Source material:
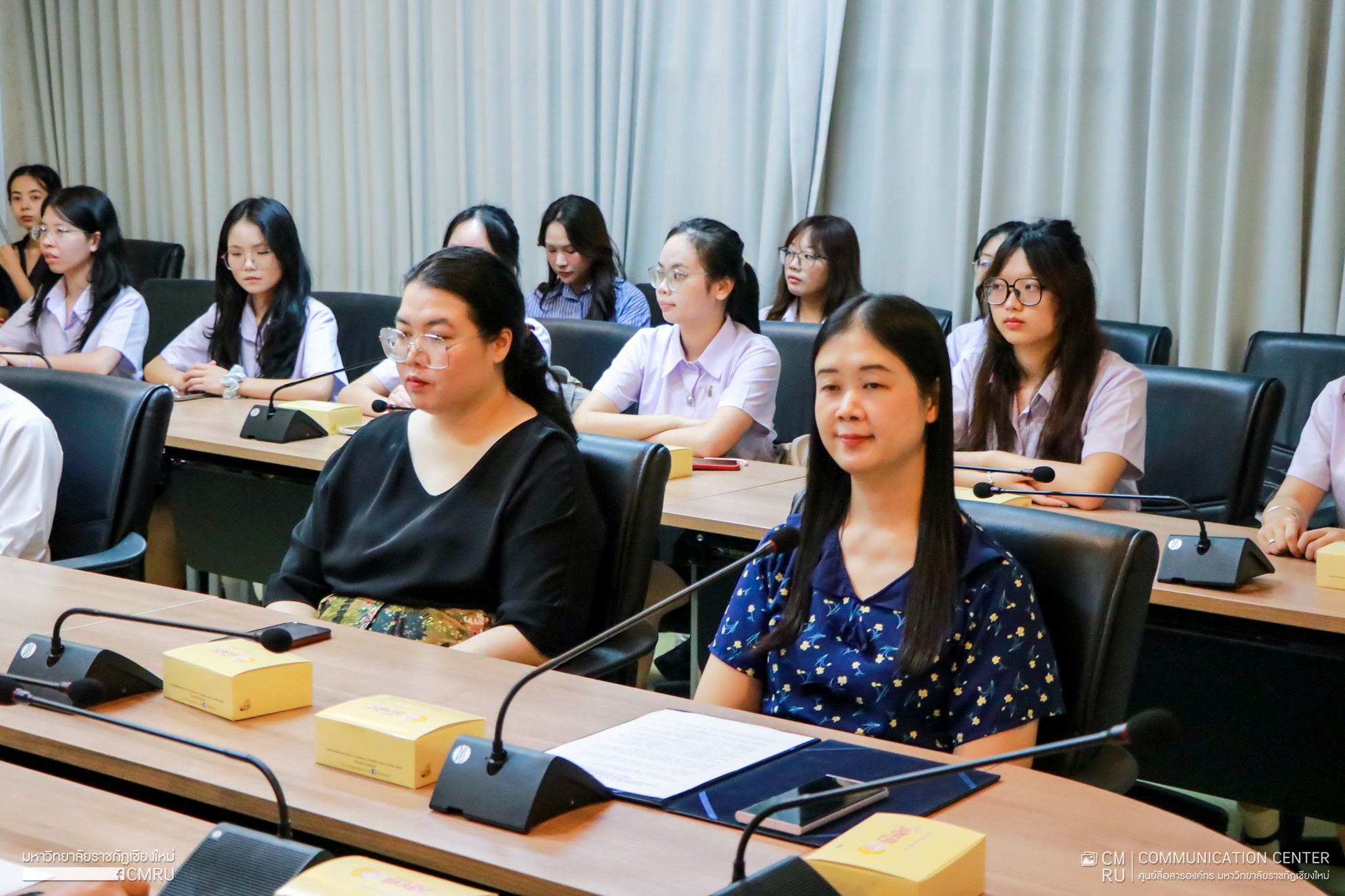 The ceremony was honored by Assoc. Prof. Dr. Chatree Maneekosol, President of CMRU, who delivered a warm welcome address.Assoc. Prof. Dr. Chatree Maneekosol, President of CMRU, presided over the ceremony and delivered a welcoming address. Also in attendance were Ajarn Kamonwan Sangsikaew, Deputy Dean of the International College, and Dr. Warasuda Wattanawong, Director of the Office of International Affairs.along with university executives and faculty members. All extended a warm welcome and offered valuable advice to help the students adapt and make the most of their exchange experience at CMRU.
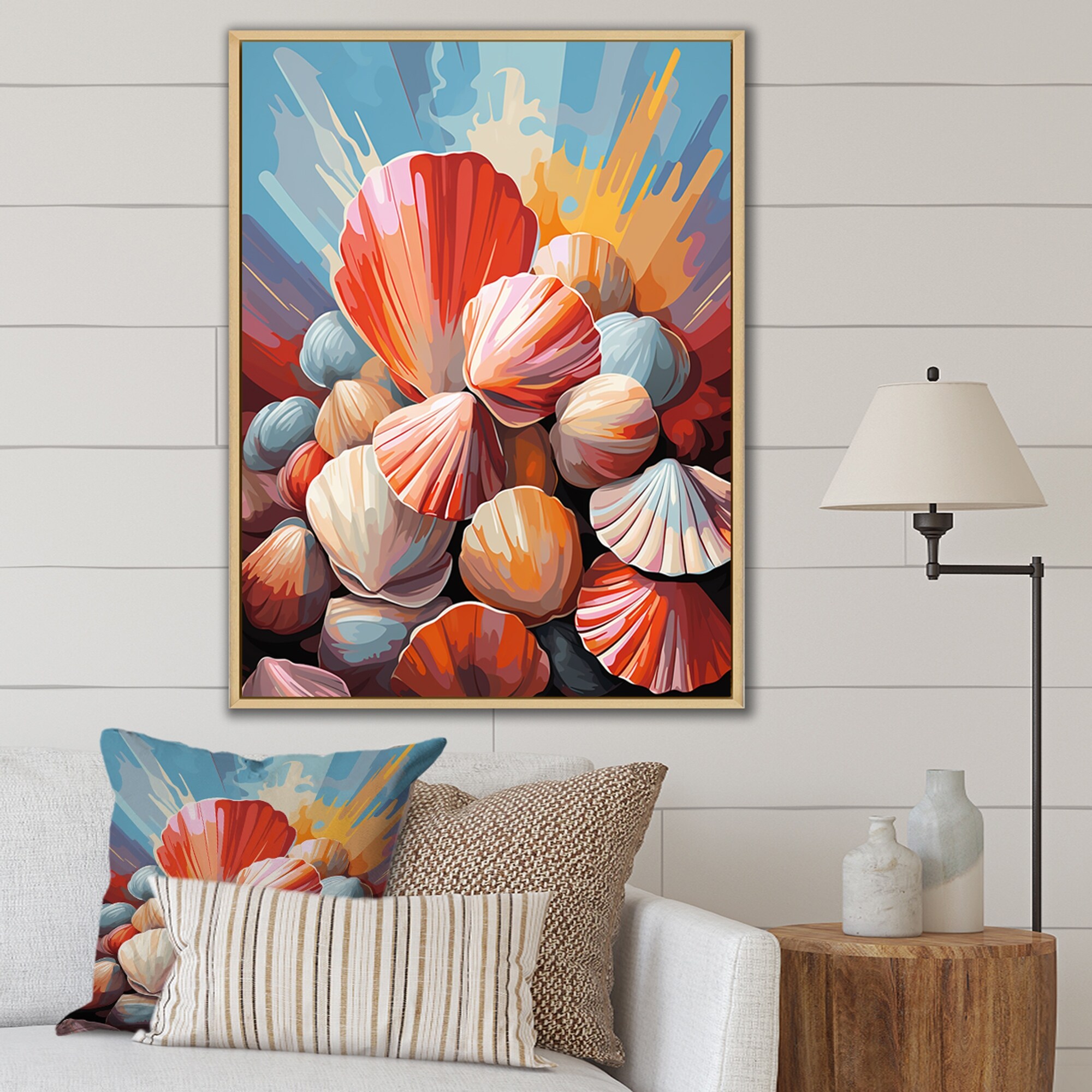 Designart "Seashells Pop Art Collage" Seashell Framed Wall Art Prints
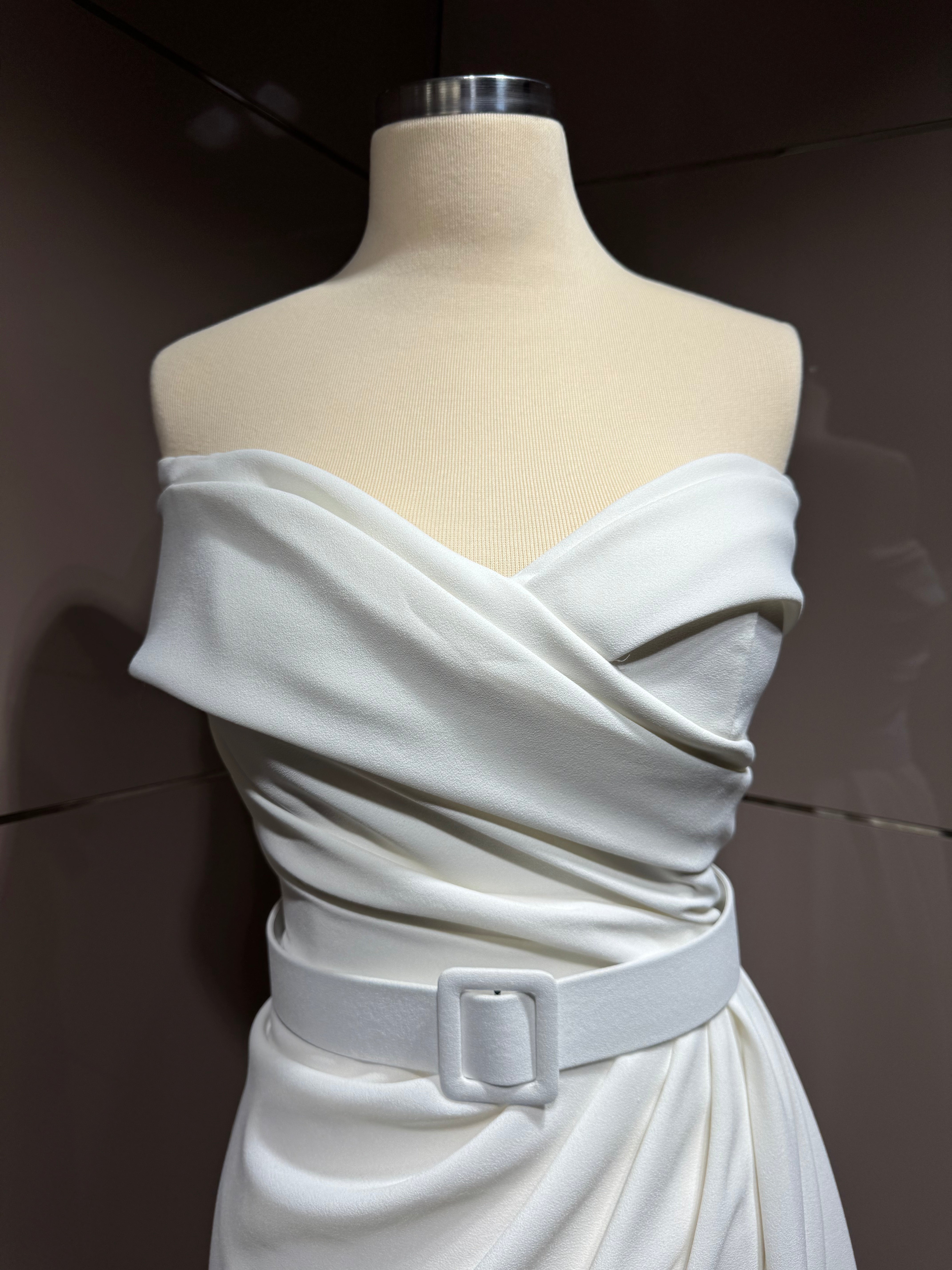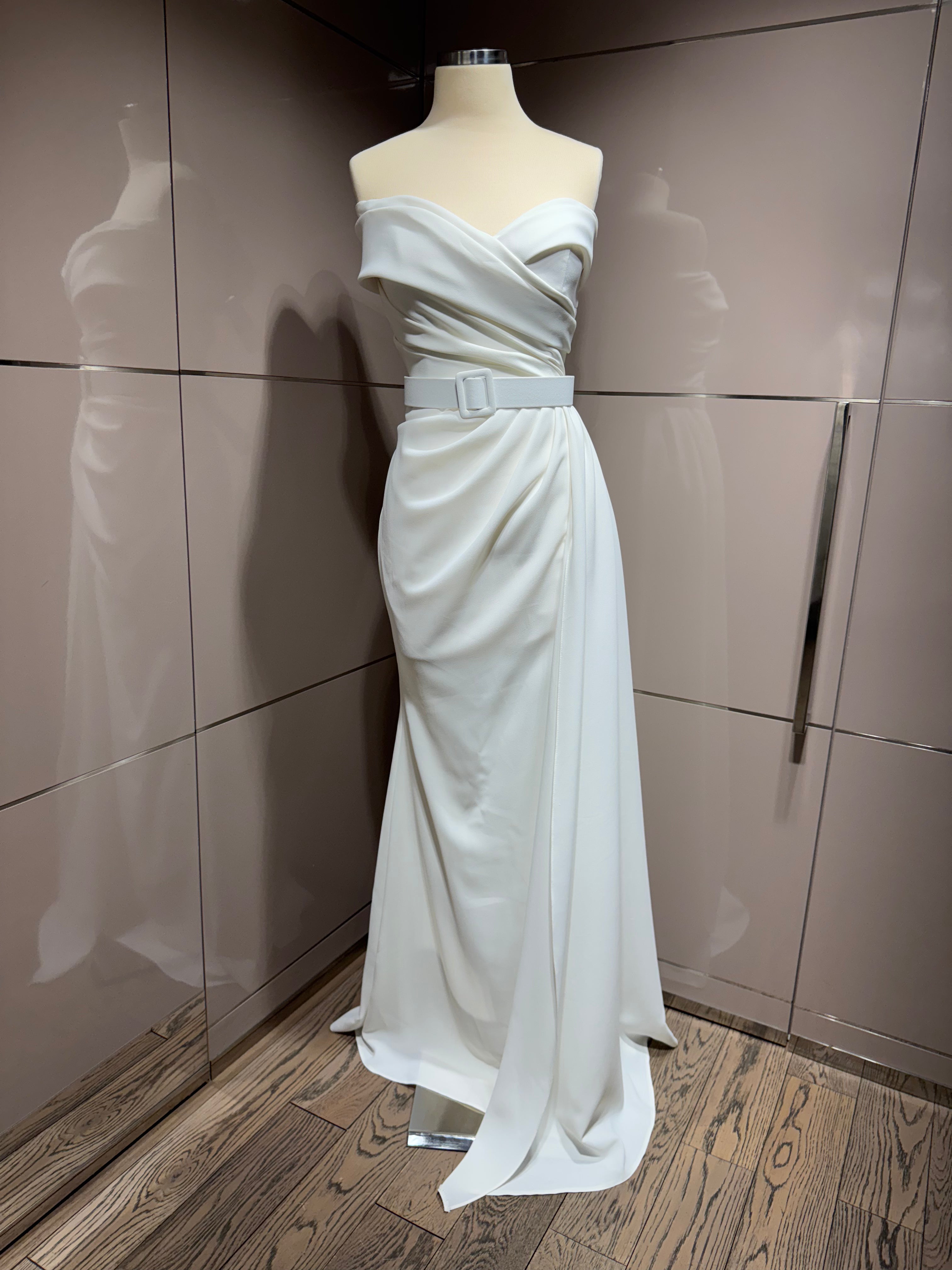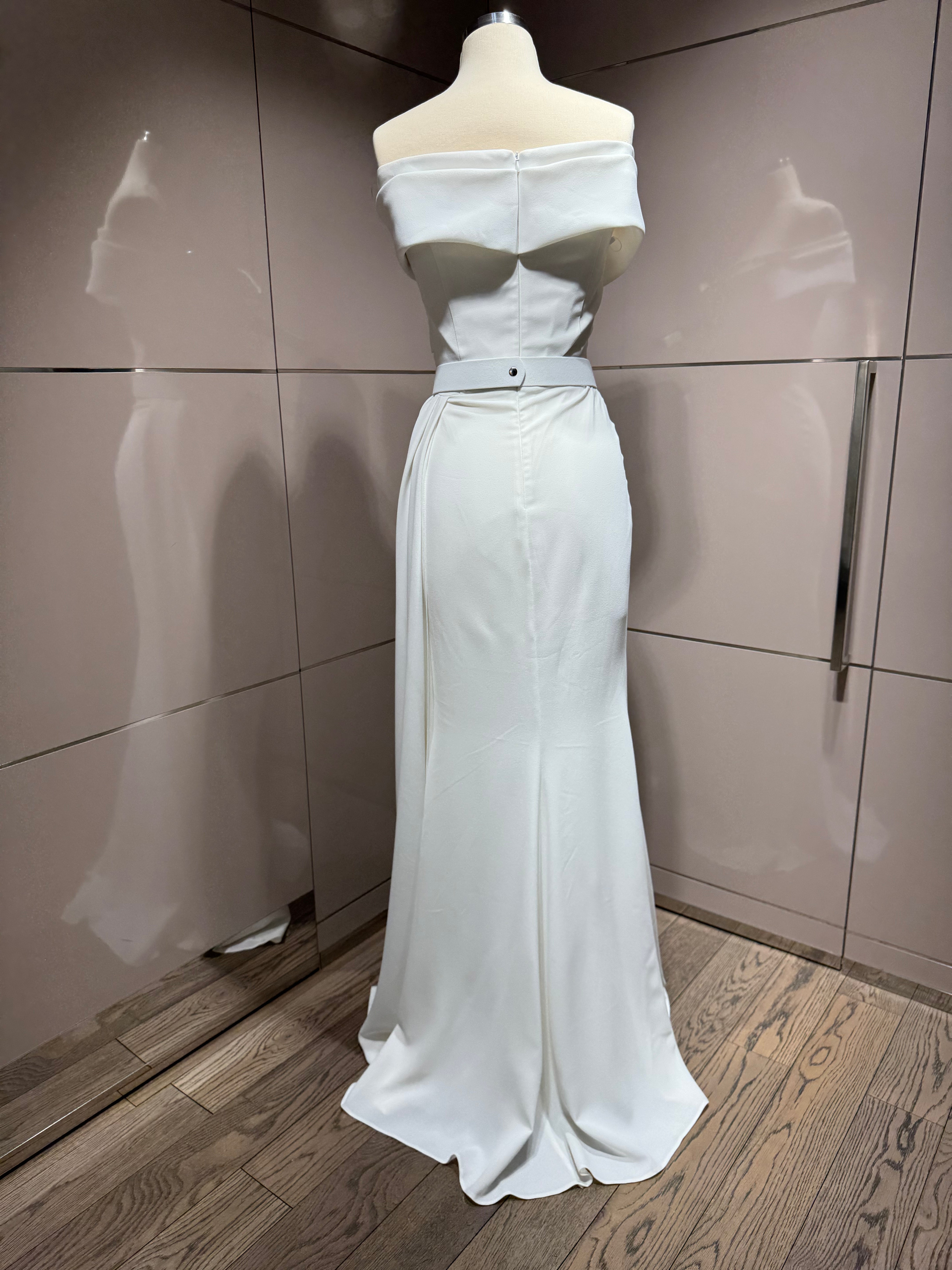 Découvrez notre robe Victoria, sophistiquée avec son encolure en V croisée et ses épaules dégagées, mettant en valeur votre décolleté. Cette robe possède une ceinture structurée qui souligne votre silhouette tandis que la jupe longue avec une fente haute ajoute une touche moderne. Son drapé fluide apporte mouvement et grâce, l'alliance parfaite entre élégance classique et allure contemporaine.

Problem requirements:
Give back the material above exactly, with each picture removed.

Answer:
 The ceremony was honored by Assoc. Prof. Dr. Chatree Maneekosol, President of CMRU, who delivered a warm welcome address.Assoc. Prof. Dr. Chatree Maneekosol, President of CMRU, presided over the ceremony and delivered a welcoming address. Also in attendance were Ajarn Kamonwan Sangsikaew, Deputy Dean of the International College, and Dr. Warasuda Wattanawong, Director of the Office of International Affairs.along with university executives and faculty members. All extended a warm welcome and offered valuable advice to help the students adapt and make the most of their exchange experience at CMRU.
 Designart "Seashells Pop Art Collage" Seashell Framed Wall Art Prints
 Découvrez notre robe Victoria, sophistiquée avec son encolure en V croisée et ses épaules dégagées, mettant en valeur votre décolleté. Cette robe possède une ceinture structurée qui souligne votre silhouette tandis que la jupe longue avec une fente haute ajoute une touche moderne. Son drapé fluide apporte mouvement et grâce, l'alliance parfaite entre élégance classique et allure contemporaine.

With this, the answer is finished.